Mais cette fois, c’est un journaliste néerlandais, qui fait des recherches sur Reinhard Heydrich, un des concepteurs de la destruction des Juifs d’Europe, qui révèle un nouveau pan du passé.
« Il a tiré de sa serviette un document en anglais. Je vois alors le nom complet de mon père », relate-t-elle. « C’était le témoignage du commandant du commando 5 de l’Einsatzgruppe C, qui raconte la première grande exécution à Kiev. »
« Le commandant affirme qu’il a tenté de refuser, ce qui n’était pas possible. Donc, il dit avoir convoqué le médecin, mon père, pour s’assurer que tout se passerait de manière hygiénique et régulière », enchaîne l’ancienne enseignante, qui reçoit ainsi avec effroi la « première preuve » que son père a assisté à au moins une exécution collective.
Mme Brix sait aussi que son père était présent à Kiev lors du massacre du ravin de Babi Yar. Plus de 33.000 Juifs ont été exécutés les 29 et 30 septembre 1941 dans l’actuelle capitale ukrainienne. Mais pas s’il était physiquement présent sur le lieu de l’exécution.

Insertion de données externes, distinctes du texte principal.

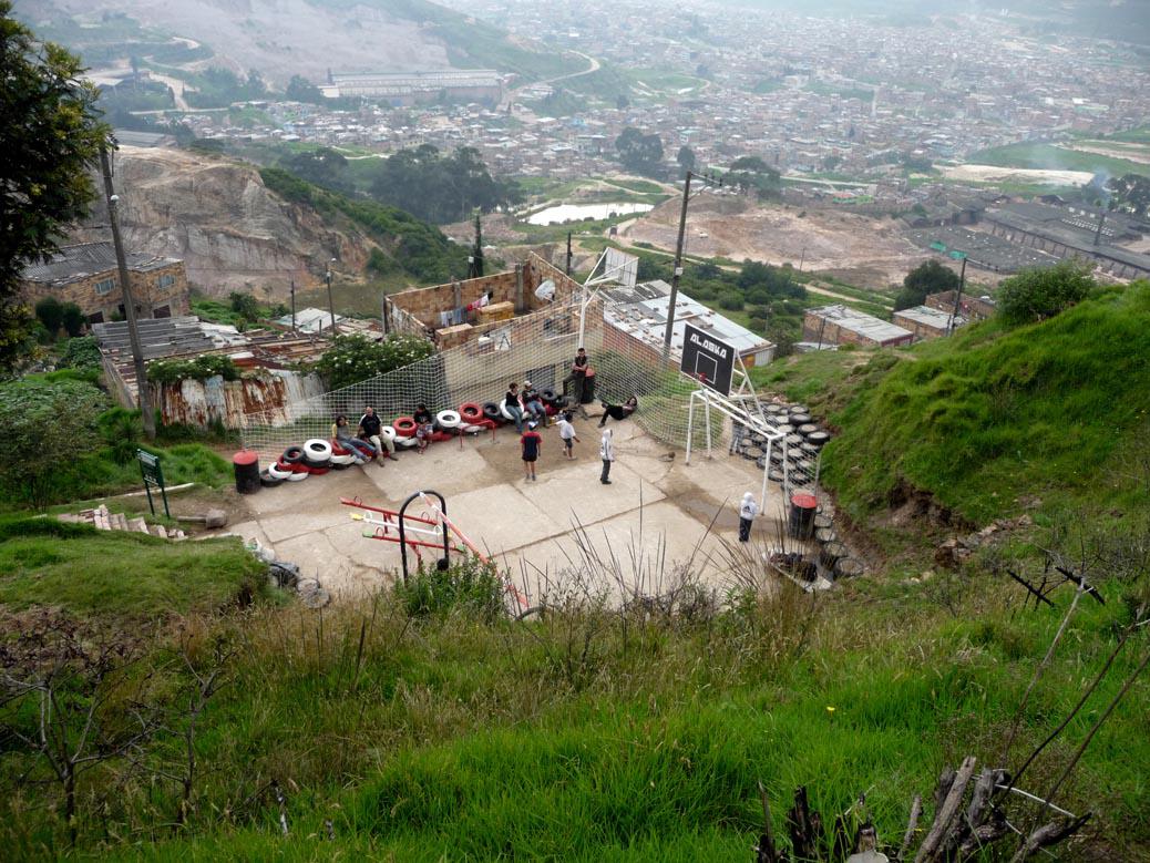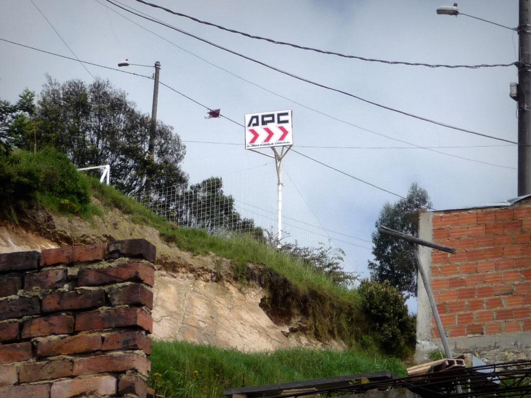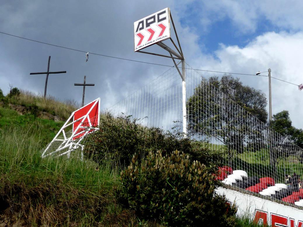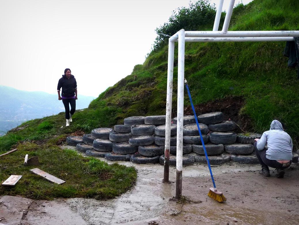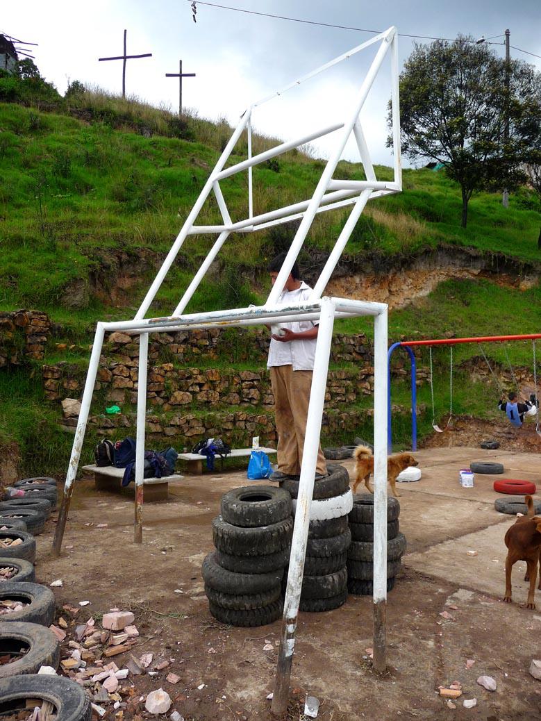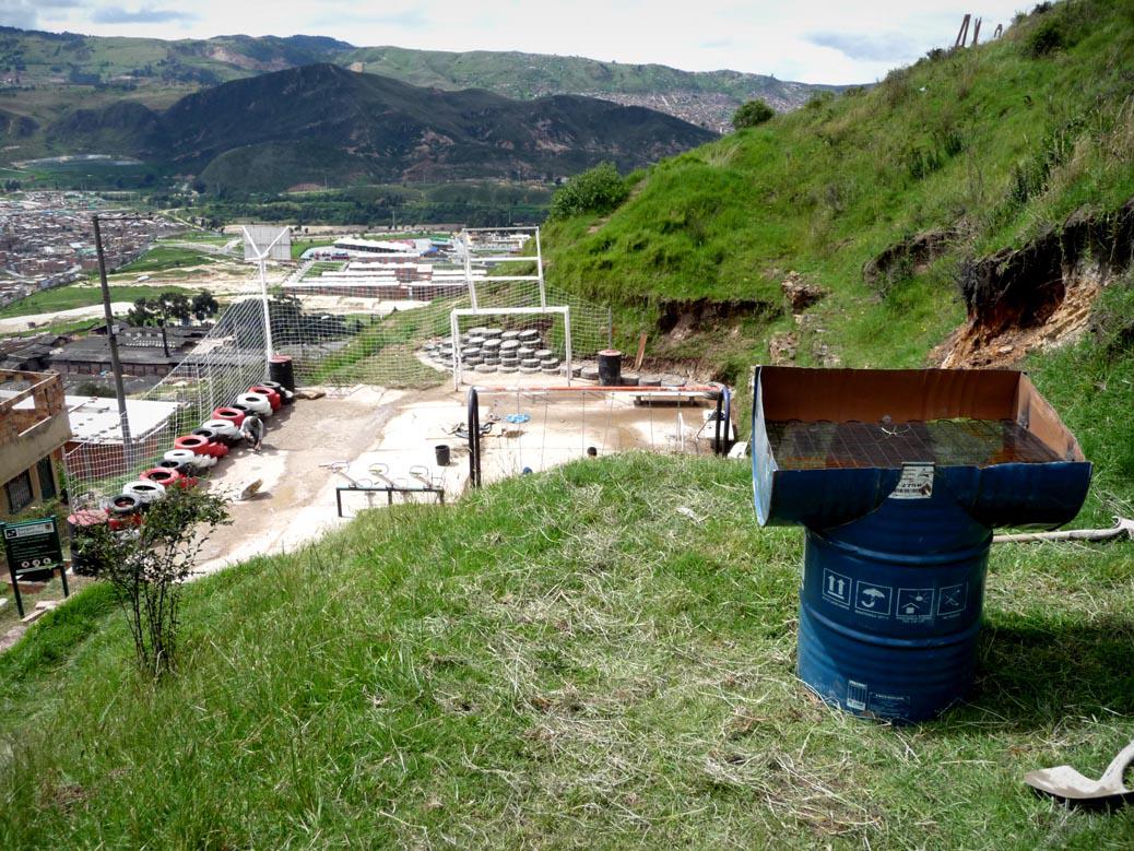 La intervención pretende no solo resolver unas cuestiones básicas de uso (la grada, la red, la baranda), sino aportar un componente de alto contenido simbólico con una gráfica muy contundente y el derecho a ser visto y reconocido, a través del uso de las letras sobre la colina como táctica de visibilidad.

Coïncidence, qui crée selon Mme Brix un lien invisible entre cet épisode ukrainien et son propre cheminement: Peter Kröger a obtenu une permission quelques jours après Babi Yar pour aller en Allemagne saluer sa naissance.
L’ancienne professeure, contrairement à sa soeur et son frère, qui pense lui qu’il ne faut pas remuer le passé paternel, multiplie depuis les recherches sur la Seconde Guerre mondiale et s’implique dans le travail de mémoire en Allemagne.
Mme Brix est notamment devenue l’une des figures de l’association franco-allemande Mémoire à quatre voix, qui rassemble descendants de nazis et de résistants et intervient dans des établissements scolaires des deux pays.